Este inconveniente, que pode ser importante em aplicações, mais críticas, é contornado com a utilização de uma interface com acopladores ópticos como é mostrada na figura 9. Este mesmo circuito também serve de base para controles de motores de passo a partir de circuitos lógicos diversos.
d) Etapas de Potências
Para o acionamento de motores de passo de maior potência, com correntes superiores aos 500 mA que o integrado pode fornecer, temos diversas possibilidades. Uma delas, que permite o controle de motores com correntes de até 2 ou 3 ampères por fase é mostrada na figura 10.
O transistor TiP32 deve ser montado num radiador de calor. Evidentemente, para um motor de 4 fases precisamos de 4 transistores nesta configuração, ligados um a cada saída do integrado.

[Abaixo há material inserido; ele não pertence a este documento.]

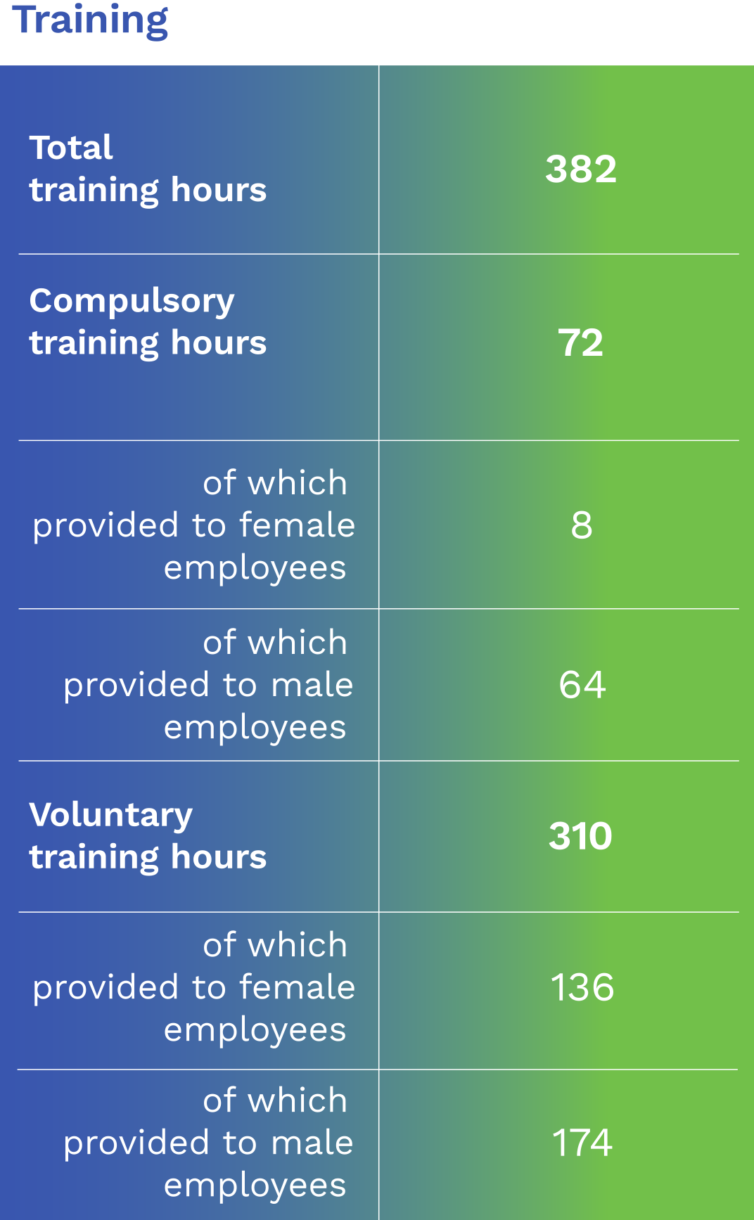 The significant investment in training is a positive indicator of the level of attention that the organization devotes to skills development, prevention, and workplace safety, contributing to professional growth and the enhancement of human resources.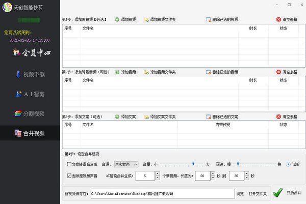 4.两段视频一键合拼,创意文案转语音识别,清除视频之中的音乐背景等。
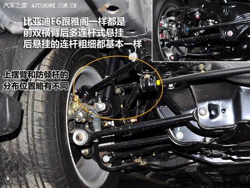 比亞迪F6的模仿并沒有僅僅停留在表面工作上,前雙橫臂后多連桿的懸掛形式也是從本田雅閣上借鑒過來的,后懸掛連桿的粗細程度都與原型車上的基本一樣,其實這也不是壞事,借鑒國外成熟的底盤設計也是加快進步的途徑之一。
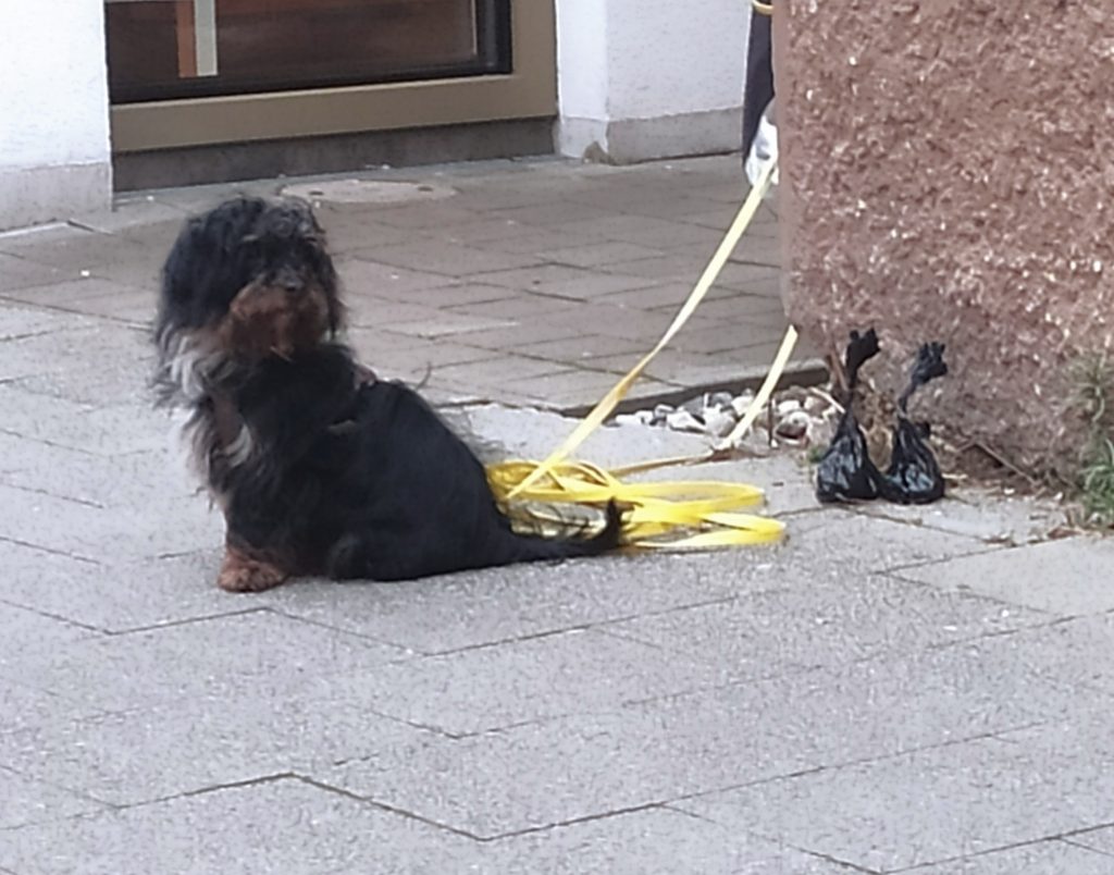 Dabei fällt mir auf, dass er offensichtlich eine wichtige Mission erfüllt. Seine Mission heißt: Wache schieben und aufpassen, dass den beiden, fein säuberlich nehmen ihm abgelegten, Kackbeuteln vom Morgengassi nichts passiert. Werden wohl seine eigenen sein, nehme ich an. Bei dieser Beobachtung halte ich spontan inne und überlege mir, wie ein solch kleiner Kerl gleich zwei am Morgen vollbekommt. Noch mit dieser Fragestellung beschäftigt, schließt sich eine weitere an. Was, so frage ich mich, passiert, wenn die Hundebesitzerin aus der Bäckerei zurückkommt?

Com a utilização dos transistores PNP neste circuito a ida da saída ao nível baixo (LO) faz com que o transistor inicialmente em corte passe para a saturação energizando assim a fase correspondente do motor.
Uma possibilidade interessante, mostrada na figura 11 consiste no uso de transistores NPN de potência, mas com a pré-excitação a partir de um PNP.
Com o uso de um 2N3055 podemos controlar um motor com fase de até 5 ampères, nas mesmas condições do circuito anterior. Lembramos que os transistores devem ser montados em bons radiadores de calor.
Esta aplicação também é válida para alguns tipos de motores que possuem um terminal comum positivo para todos os enrolamentos do motor de passo.
MOTORES DE PASSO NACIONAIS
Um dos fabricantes de motores de passo em nosso país é a SINGER do Brasil Indústria e Comércio Ltda. (Caixa Postal 203 - Itu - CEP 13300 - São Paulo - SP - Brasil) e que possui diversos modelos de motores em sua linha que se adaptam aos circuitos propostos neste artigo.
Dentre eles destacamos o Modelo BP 7,5° que tem as dimensões mostradas na figura 12 e características elétricas dadas a seguir.
Características:
- Tipo de motor: ímã permanente
- Passos por volta: 48
- Ângulo de passo: 7,5 graus
- Fases: 4 (enrolamento bifilar)
- Resistência por bobina (25°C): 8 ohms (máx)
- Indutância por bobina: 7 + /-3 mH a 1 kHz
- Cabos de saída (6): 26 AWG
- Mancais: bronze sinterizado
- Torque estático (pico): 80 + /-15 mN.m (com corrente nominal
- Corrente nominal (por bobina em condição estática): 700 mA (DC) - Precisão de passo: +1-0,5%
CONCLUSÃO
O circuito que damos é evidentemente uma configuração básica, mas que pode ser de extrema utilidade para os leitores que desejam construir seu próprio robô ou ainda dispositivos eletromecânicos de precisão como por exemplo impressora, plotter, etc.
O modo como o controle de motor de passo vai ser feito depende da aplicação e para isso existem centenas de possibilidades. Estas possibilidades, na medida do possível aparecerão na forma de projetos em edições futuras de nossa revista.